Еле уговорил его Казик Ермолицкий и все-таки добрался до отчего дома. Он отряхнулся от соломы, взял чемодан и молча двинулся к калитке.
Из будки выскочил здоровенный рыжий волкодав и, бренча цепью, рванулся навстречу Казику. Казик отпрыгнул и прикрыл калитку. Пес становился на дыбы, скаля острые желтые клыки, бросался из стороны в сторону, ошейник подымал на загривке жесткую щетину.
— Пират, Пират, что ж ты, дуралей, своих не узнаешь! — улещивал его Казик. Это был не тот Пират, которого он когда-то растил щенком, а другой — злющий и огромный. Но Казик знал, что всех собак, появлявшихся в их усадьбе, отец не называл иначе как Пират.
И Пират вильнул хвостом, перестал бросаться, хотя все еще рычал и скалился.
В окне показался кто-то в белом платочке, выглянул и исчез. Но из дома никто не выходил.
Пират рычал и метался у самой калитки. Стоило Казику только взяться за щеколду, как пес становился на дыбы и заливался лаем.
Хлопнула и широко открылась дверь, на крыльцо вышел отец. Показалось, что он стал пониже, раздался в плечах, совсем облысел.
— Пират, на место! — Пес подобрался и нехотя полез в будку. — Что васпану[6] надо? — спросил старик, не сходя с крыльца.
— Не здесь ли живет Андрей Ермолицкий? — захотелось пошутить Казику.
— А, чтоб тебя бог любил! Неужто сынок! Анэта, слышишь! Бегом сюда! — И старик бросился навстречу сыну.
Он щекотал Казикову щеку колючей бородой, схватил тяжелый чемодан и понес на крыльцо. Вытирая о фартук руки, навстречу бежала мать.

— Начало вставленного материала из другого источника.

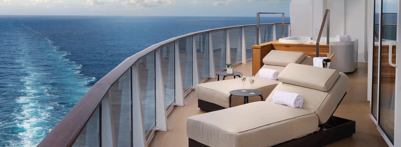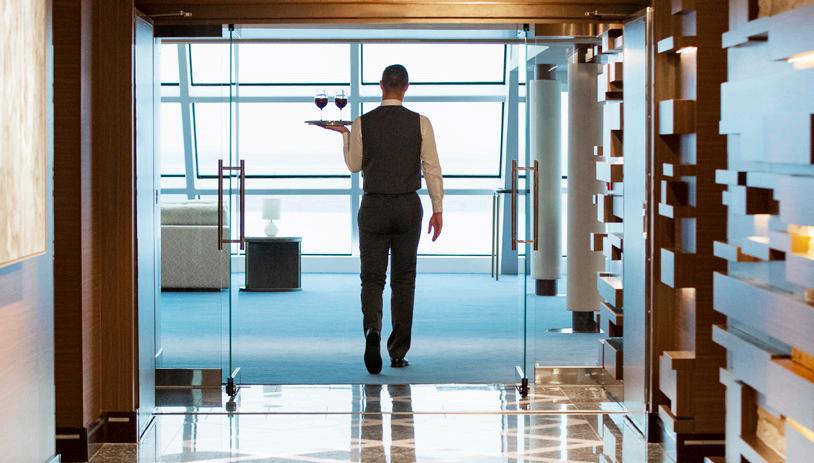 Aproveite a facilidade de embarque e desembarque prioritários. Uma vez a bordo, você será acompanhado até sua suíte, onde uma garrafa de champanhe ou vinho espumante de cortesia estará te esperando, assim como seu mordomo pessoal.
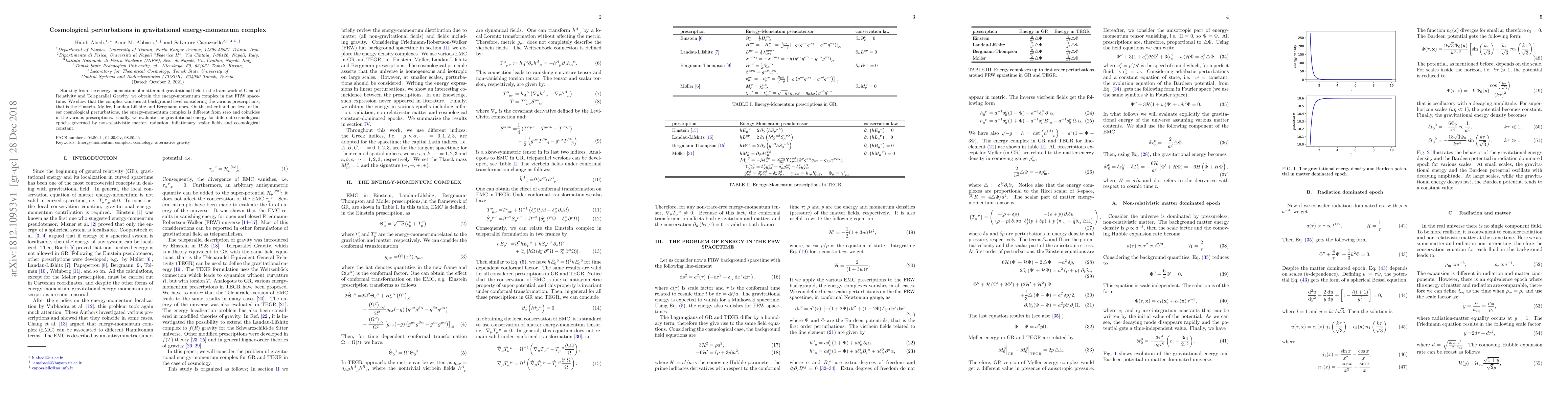 This paper explores the energy-momentum complex in cosmological perturbations within the framework of General Relativity and Teleparallel Gravity, demonstrating that while it vanishes at background level, it is non-zero for linear perturbations. The study evaluates gravitational energy across various cosmological epochs.
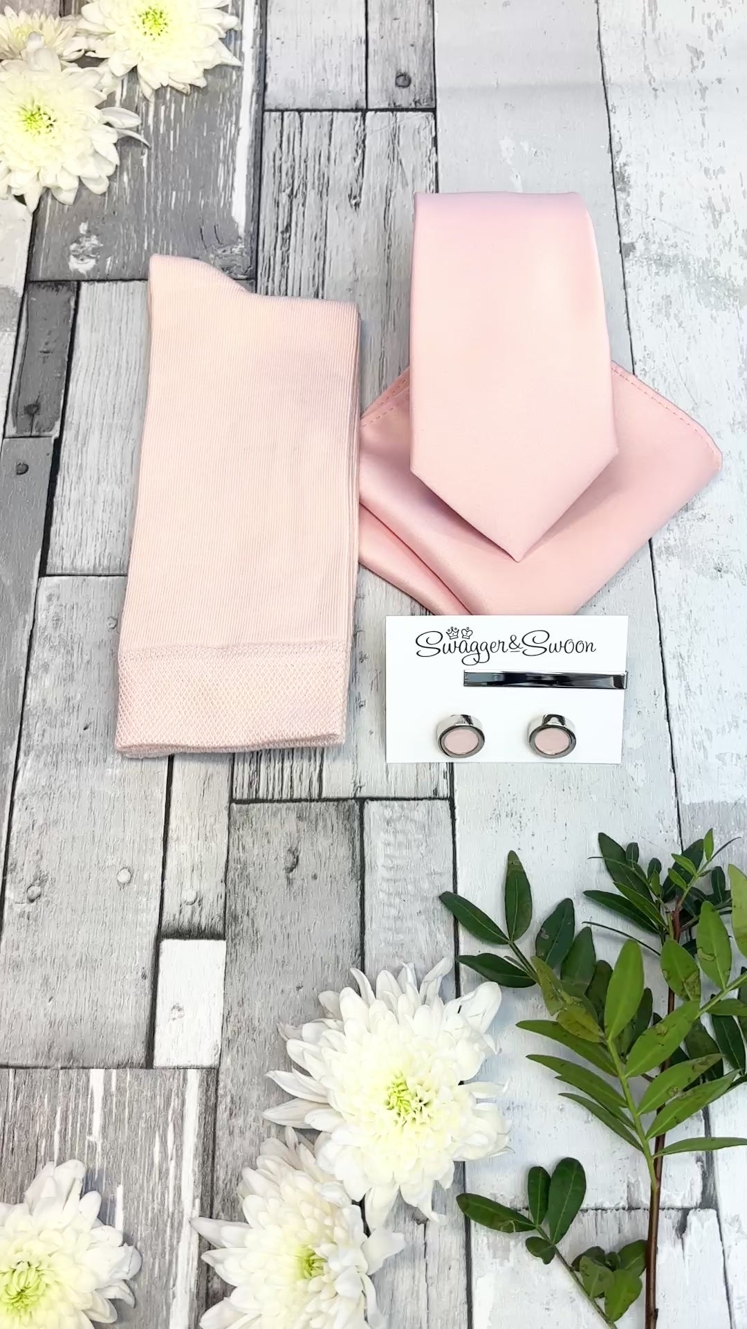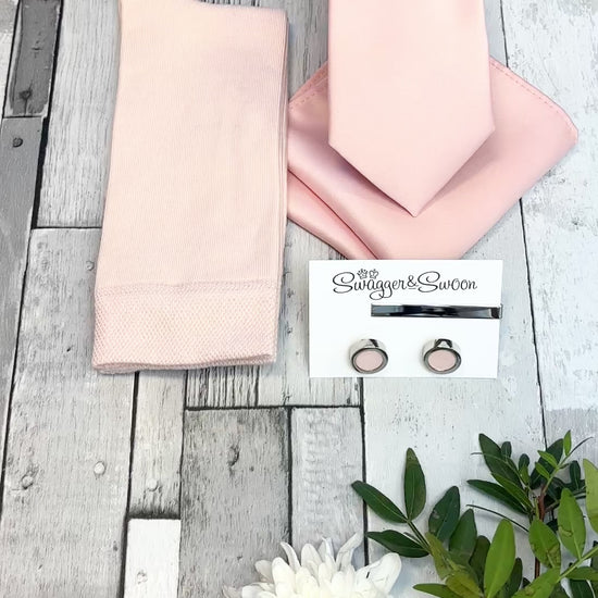 If you're looking for a perfectly curated gift set then look no further! This stunning white presentation box combines a Vintage Rose coloured wedding tie, matching pocket square and socks!
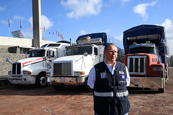 El universitario supervisó la salida de tres camiones con víveres y enseres donados en el Centro de Acopio Comunidad UNAM Solidaria, los cuales serán entregados a la Benemérita Universidad Autónoma de Puebla, institución que se encargará de su distribución.

Она скользкими губами ткнулась сыну в лицо, всхлипнула и утерла фартуком слезы.
— А, дитятко ты мое! Дошли материнские молитвы до всевышнего! Хвала богу, что целый вернулся!
В доме все было так, как и до Казикова отъезда. Стояли два огромных, окованных железными полосами сундука, источенный шашелем комод, длинный дубовый диван. Только фикусы разлопушились и позаслоняли окна. Мать бегала в кладовку, суетилась у печи. На треноге шкварчела яичница, отец нарезал темно-красную, хорошо прокопченную полендвицу.
Казик в исподней рубахе плескался и фыркал над большим медным тазом, взбивал рукою густые каштановые волосы, подкручивал короткие усики.
— А где же Галька? — вспомнил он о сестре.
— От свихнулась, дурница. Никакого сладу с ней нет. Может быть, ты вразумишь. Я уже и вожжами грозился, и замуж хотел за Неверовщика отдать, так и слушать не хочет. Влопалась в нашего батрака. Может, помнишь Ивана Кондратова из Ковалей? Последний из голодранцев, а собою видный, и не лодырь. Хотел прогнать его еще до Юрьева дня, так, не поверишь, начались такие слезы: «И повешусь, и утоплюсь…» Чего доброго, думаю, и правда руки на себя, дура, наложит, срама не оберешься. И так всем наше добро глаза колет. А сегодня с утра на мельницу вместе поехали. Как знал, что крупчатка на блинцы понадобится?! Это же такой гость желанный и нежданный.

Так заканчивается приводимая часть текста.